Jin Shei Cover from sgreer

It's That Time of Year Again

My receipts and I are shortly going in to see my accountant in order to keep the IRS happily turning its cogs and wheels for another year. Then we need to go to a post office to get some 200 2c stamps (because we have at least 2 100-stamp rolls of the 37c stamps which are now obsolete) and possibly meander into a park so that rdeck can go for a long overdue walk (it's been just too wet and windy and muddy and generally semi-impossible for a man still not wholly steady on his feet on uneven ground to go for a wander since, oh, I don't know, well before Chrsitmas now).

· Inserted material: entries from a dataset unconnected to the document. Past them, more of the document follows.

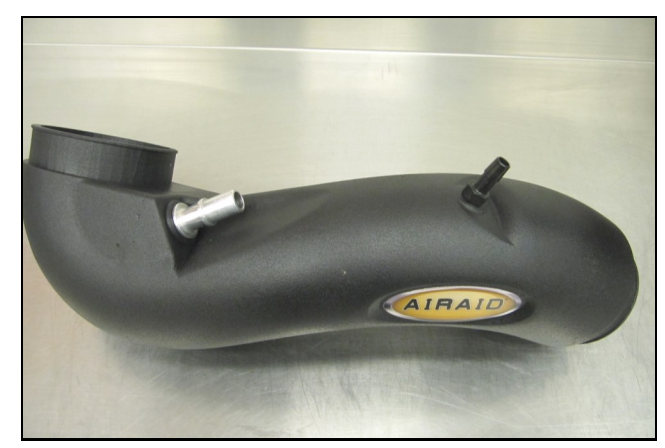
6. A.) Install the 3/8 "Barbed Fitting (#5) into the threaded holt in the Intake Tube.
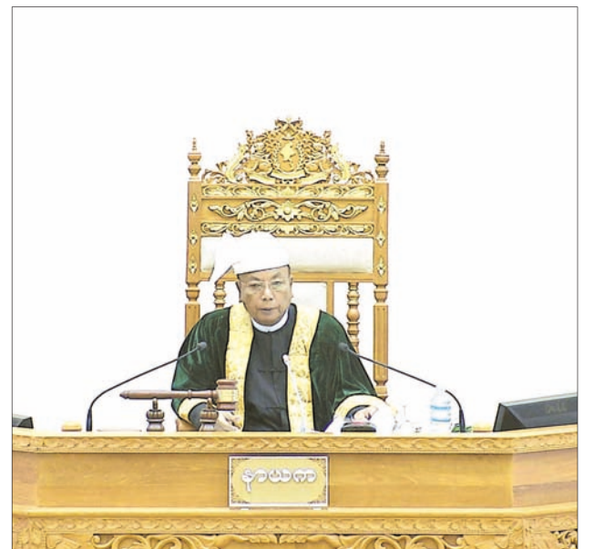
Today's session of Pyidaungsu Hluttaw in progress.
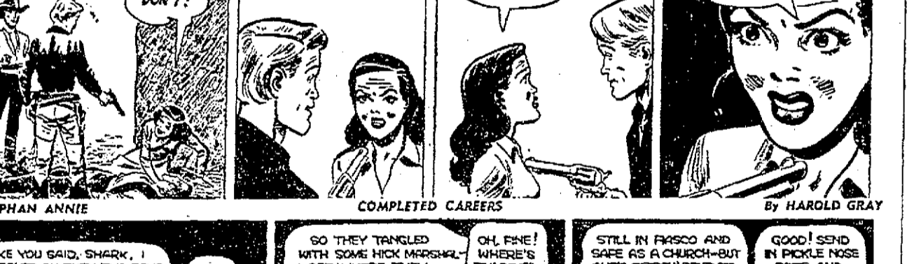
THE GUMPS LIKE YOU SAID, SHARK, I CHECKED ON THEM TWO BOYS YOU SENT TO PIRASCO TO GRAB THE MID. ANNIE-- SO? SO THEY TANGLED WITH SOME NICK MARSHAL. I SEEN WHERE THEY BURIED 'EM-- OH, FINE! WHERE'S THE BART NOW? STILL IN PIRASCO AND SAFE AS A CHURCH--BUT SLEEPS GETTING SENT TO A FANCY GALS' SCHOOL--GORGON BY TRAIN-- GOOD! SEND IN PICKLE NOSE IN PICKLE NOSE JUDGE JOE!

So I will, as the Terminator said, be back. Later. After I finish all these chores and do some tweakery on chapter 3 and possibly write the first five paragraphs of chapter 4 just to keep myself basking in the warm glow of something resembling accomplishment...)
Jin Shei Cover from sgreer

Dispatches from Paradise

Those of you who have been here long enough will know I occasionally burble happily about living here and how much I love living here. But oh my, the changes that have been happening here in the few short years since we've been here - the development is out of sight. And there have been egregious "variances" happening - building within a (usually with good reason) restricted radius close to a watershed creek, building on slide-prone steep slopes, building building building - ancient old trees bulldozed, wildlife increasingly driven out... our community newspaper, a few months ago, had a letter from someone who warned against "feeding deer" because they'll mutliply, see, and then they'll become a nuisance and then people will need to come in and shoot them. The deer, for this self-important fool's information, were what I came here for. The fact that they'd wander up to my back door and peer into my office delighted me. And so long as I could help it, the deer would have whatever the deer wanted - I put out corn cobs, salt licks, all that stuff. We watched a deer family grow up one year, with momma turning up with twin fawns and then they turned into little deer before our eyes... we watched antlered bucks standing majestically in the snow not three feet away from our window... but I haven't actually seen a deer back there now for damn near a year. My response to that original letter in the newspaper was a muttered, "we should keep feeding the deer, we should stop feeding the developers" - and rdeck suggested I should write back to the newspaper with that comment and I meant to but never did and the moment passed - but the deer are going, if not gone. I'm heartsick about that.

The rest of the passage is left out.